The data:

- - -

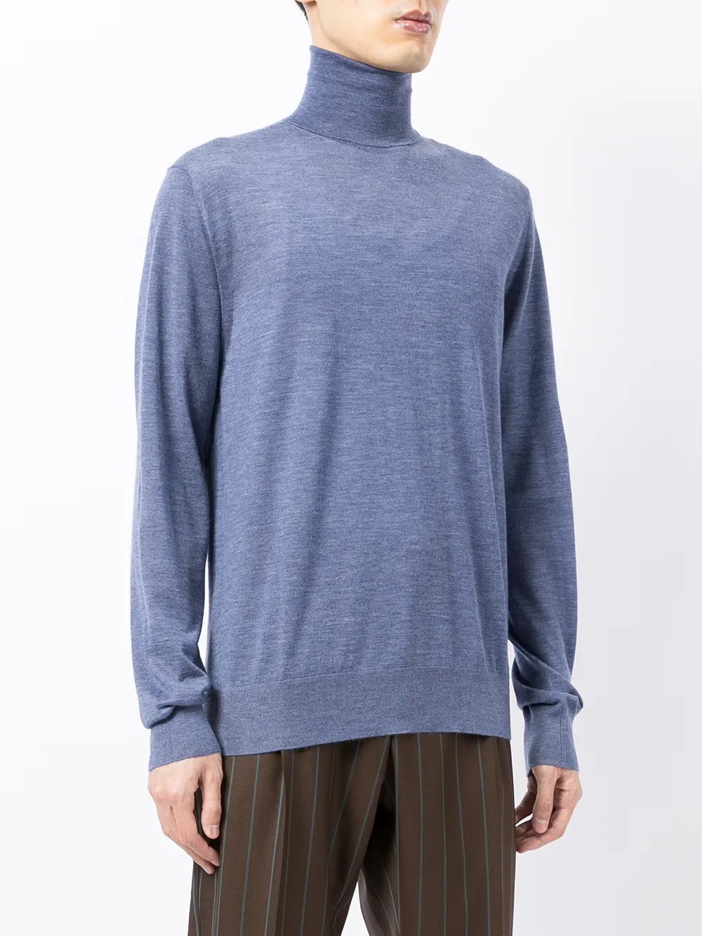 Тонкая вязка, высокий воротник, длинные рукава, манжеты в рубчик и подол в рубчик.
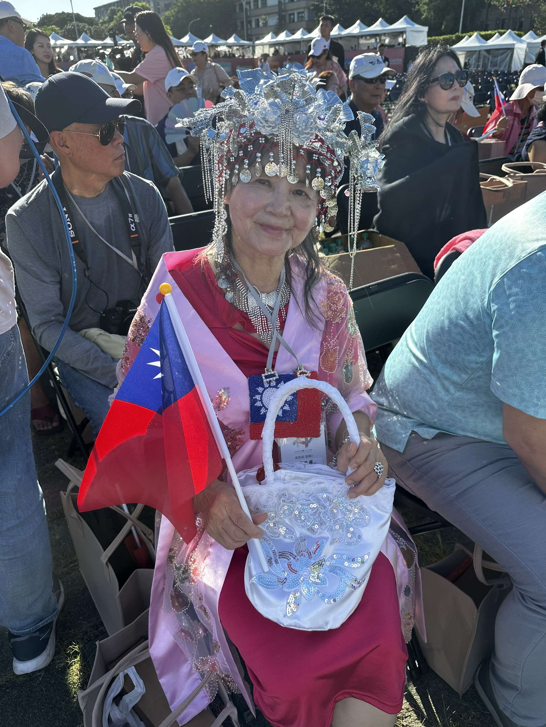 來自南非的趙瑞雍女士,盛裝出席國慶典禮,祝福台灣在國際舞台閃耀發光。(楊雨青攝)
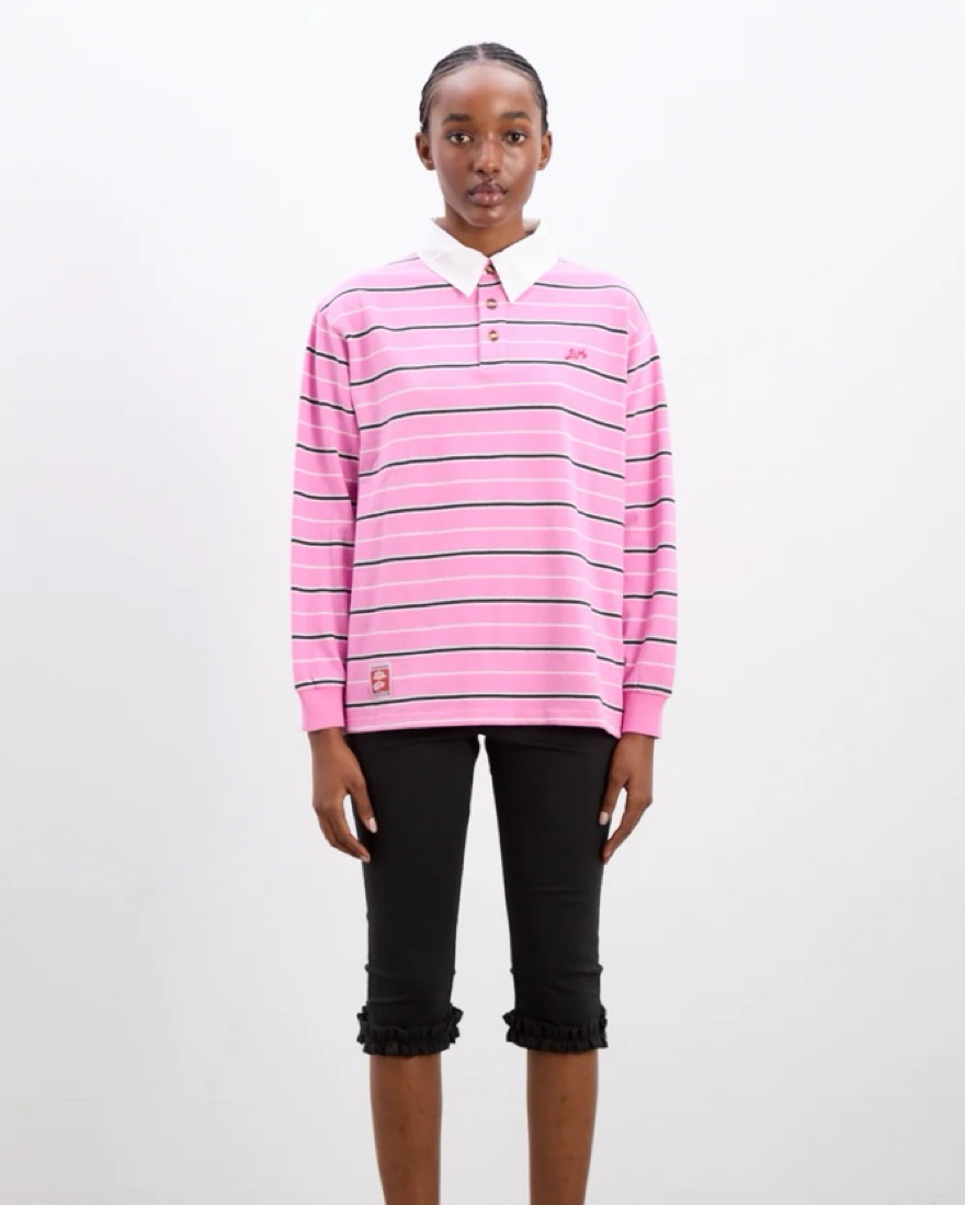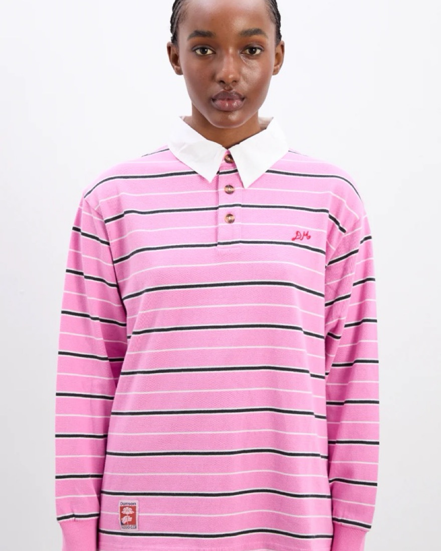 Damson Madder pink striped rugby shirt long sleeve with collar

- - -

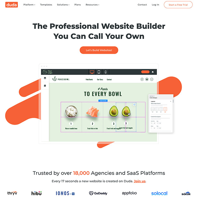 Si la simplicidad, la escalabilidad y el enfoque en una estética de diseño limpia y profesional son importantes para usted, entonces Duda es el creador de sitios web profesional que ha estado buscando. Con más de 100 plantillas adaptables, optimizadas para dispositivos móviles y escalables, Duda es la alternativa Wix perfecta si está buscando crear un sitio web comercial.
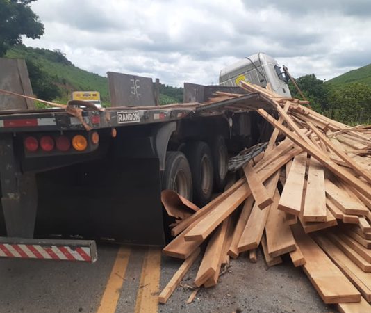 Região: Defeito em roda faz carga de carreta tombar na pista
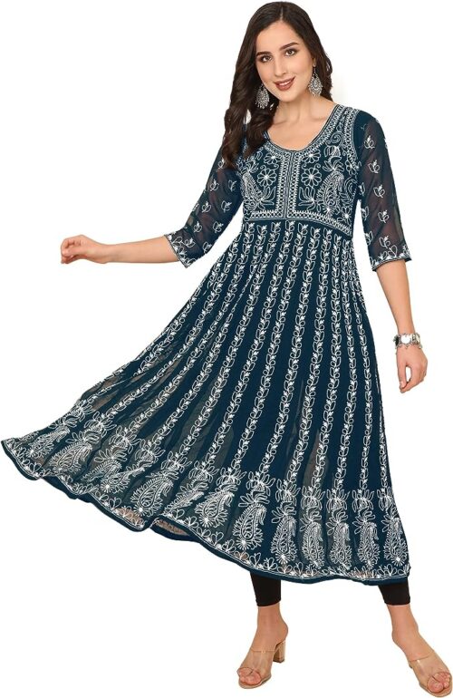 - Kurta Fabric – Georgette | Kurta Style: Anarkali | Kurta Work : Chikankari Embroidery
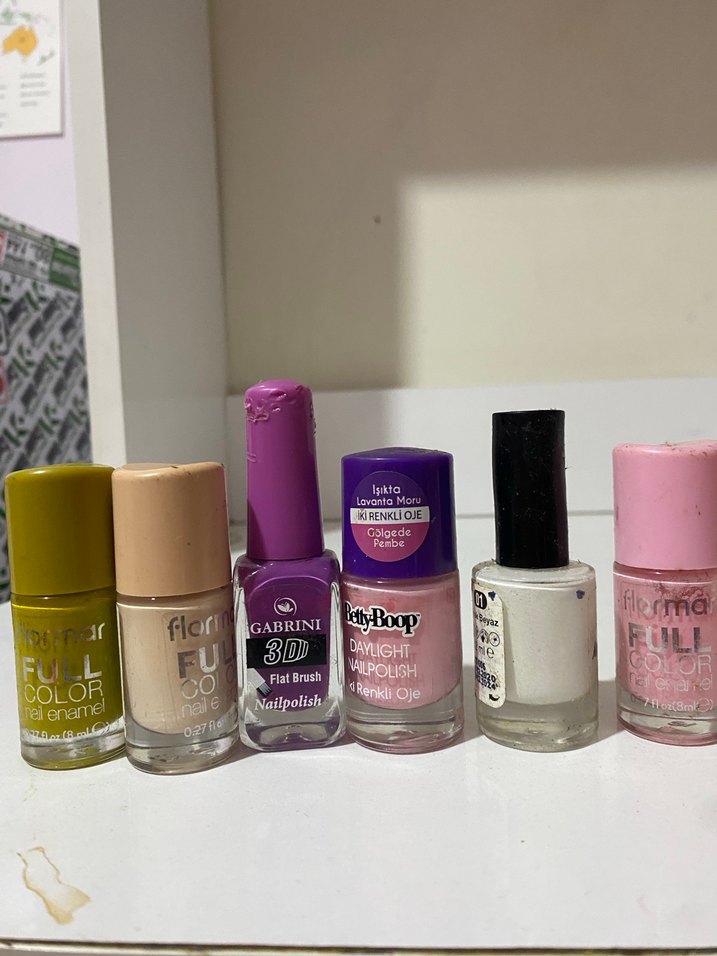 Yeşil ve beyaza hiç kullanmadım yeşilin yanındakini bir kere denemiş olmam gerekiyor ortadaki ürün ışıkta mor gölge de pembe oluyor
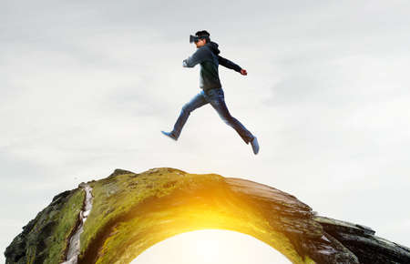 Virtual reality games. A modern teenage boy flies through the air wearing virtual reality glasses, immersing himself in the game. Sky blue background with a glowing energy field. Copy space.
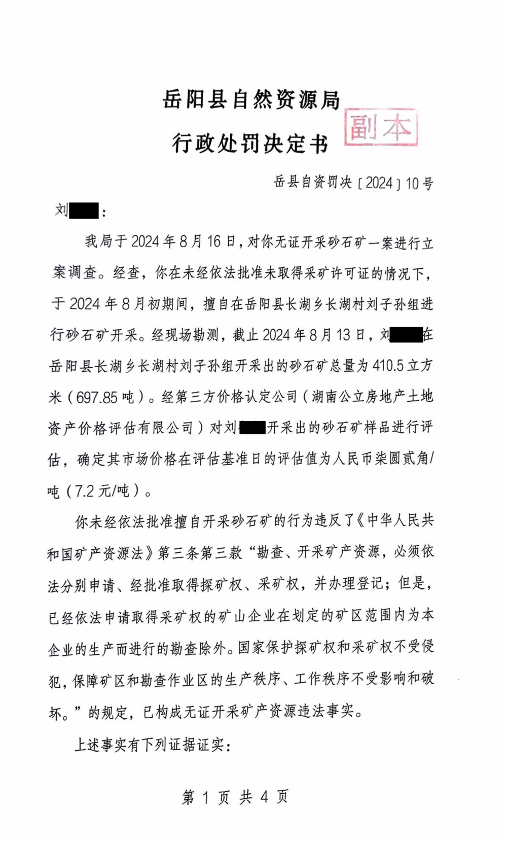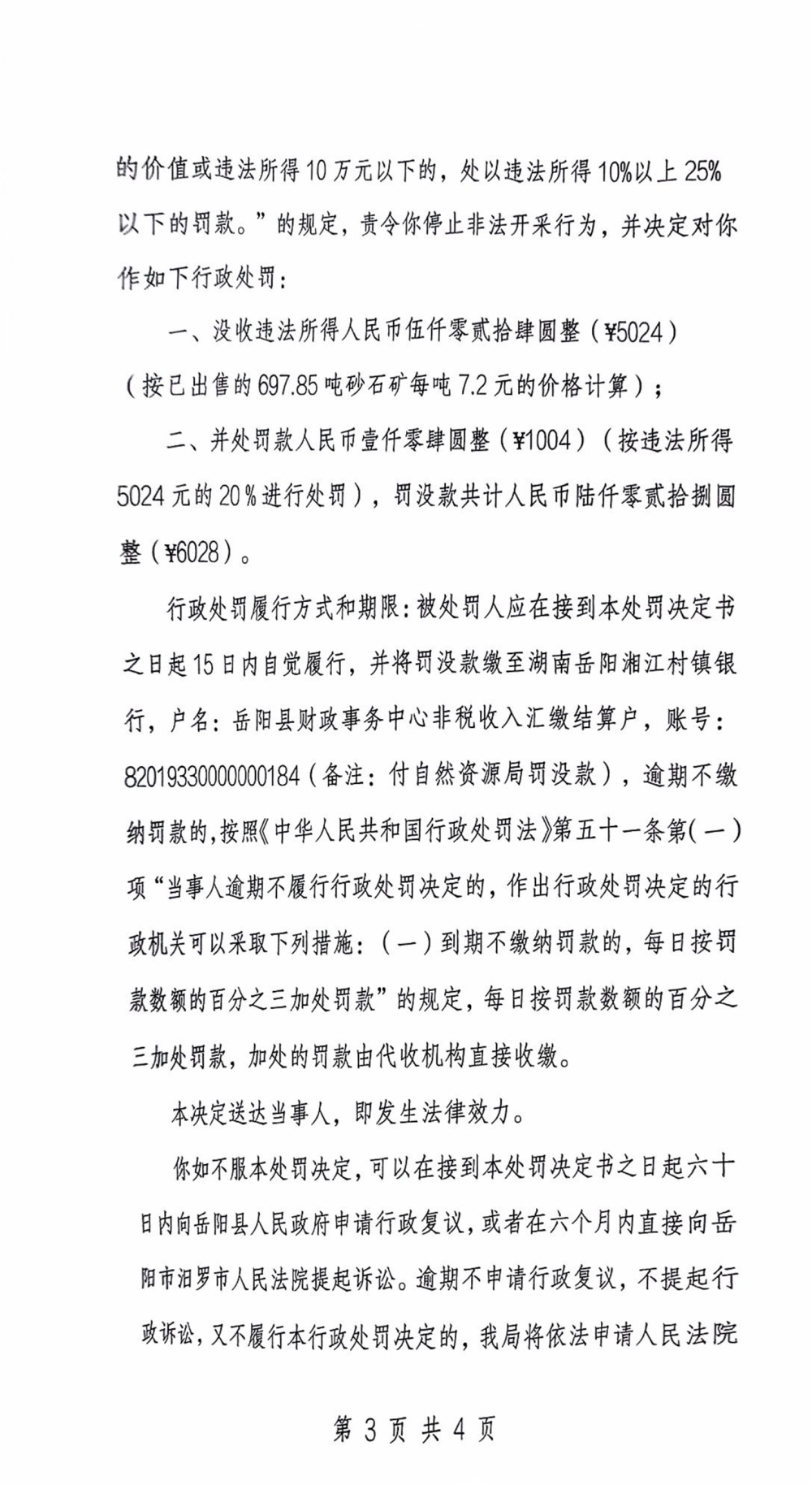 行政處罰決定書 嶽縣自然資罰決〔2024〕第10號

- - -

Aim of the task: Whatever pictures the records hold, omit them; give again exactly the lines from the one containing "Тонкая вязка, высокий" through the one containing "Damson Madder pink".

Your solution:
 Тонкая вязка, высокий воротник, длинные рукава, манжеты в рубчик и подол в рубчик.
 來自南非的趙瑞雍女士,盛裝出席國慶典禮,祝福台灣在國際舞台閃耀發光。(楊雨青攝)
 Damson Madder pink striped rugby shirt long sleeve with collar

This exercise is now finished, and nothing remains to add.